Blackman writes, “And fame is not a ticket for special First Amendment exemptions.” I would think this principle would rule out the existence of the “public figures” category created by NY Times v. Sullivan, although in that case it’s the non-famous people who get extra First Amendment protection the famous don’t get.
That's not the same thing, as you well know. Public figure law concerns the subject of a potential defamatory article, not the publisher or speaker. The same newspaper can write articles about two different people, one a public figure and one not, and be treated to different legal standards under Sullivan.
The big business versus small business distinction shouldn’t matter for speech or religion. The text says “Congress shall make no law abridging …”.
It’s a group right of large organizations the same way it’s an individual right. It applies to any and all, because the language restricts Congress from acting against any and all.
"But the choice to benefit from the public marketplace comes with the legal obligation to equally serve members of the public. "
I'm armed, in accordance with my State's law. I would like to order lunch.
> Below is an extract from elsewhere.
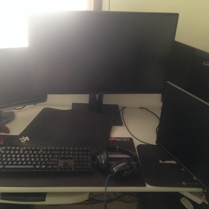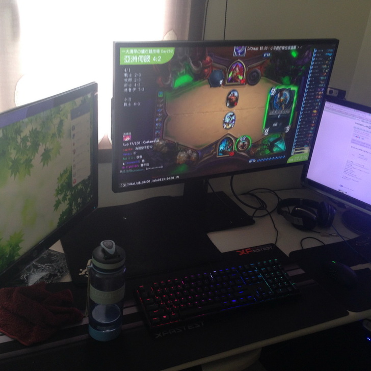 而小弟為何同時用這麼多顆螢幕呢?因為很早之前為了玩遊戲就搞了三螢幕,後來覺得遊戲三螢幕還好,所以變為玩遊戲上網時,都開著Twitch看直播或網路電視、球賽等,看Twitch就要看當時玩什麼遊戲就會看那個遊戲的頻道,目前比較迷爐石,一般上網時都會找兩個實況來看。
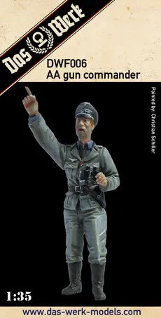 SKU: DWKF006 | Brand: DasWerk | Product: Daswerk F006 1/35 Komandant Salvenmaschinenkanone Plastic Model Kit One resin figure depicting a German WWII anti-aircraft officer/commander. Suitable for Das Werk anti-aircraft gun scale models or other modeling applications. This is a scale plastic model kit requiring assembly. Paints and adhesive sold separately.

Things our website designer could do to make money besides making wedding websites (so that the websites she does make would not violate her speech, which seems to be the argument at hand – that her art and income are intrinsically codependent): become a dogwalker, cleaner, dishwasher, chef, restauranter, celebrity agent, professional hockey player, Zamboni driver, zamboni mechanic…Claiming you have been forced to make speech against your beleifs since you want to only make money off your “art” is specious, at best. Petitioner wants to sell wedding websites (which we all admire in the met!) She also wants to make money off it. Good! Make websites for whoever you want! Reach out to couples you chose about it! But once you advertise making wedding websites to anyone, as long as they aren’t (a protected class), you become ‘artistically’ constrained in who you can turn away. Income has nothing to do with this case. The income argument is a distraction. I look forward to the next case about how I want to be a photographer, and I love photographing people, but since I only accept commissions from white, or any race but black, pedophiles, black pedophiles are being discriminated against. My family will be destitute without the constitutional right to only accept photography commissions from non-black pedophiles.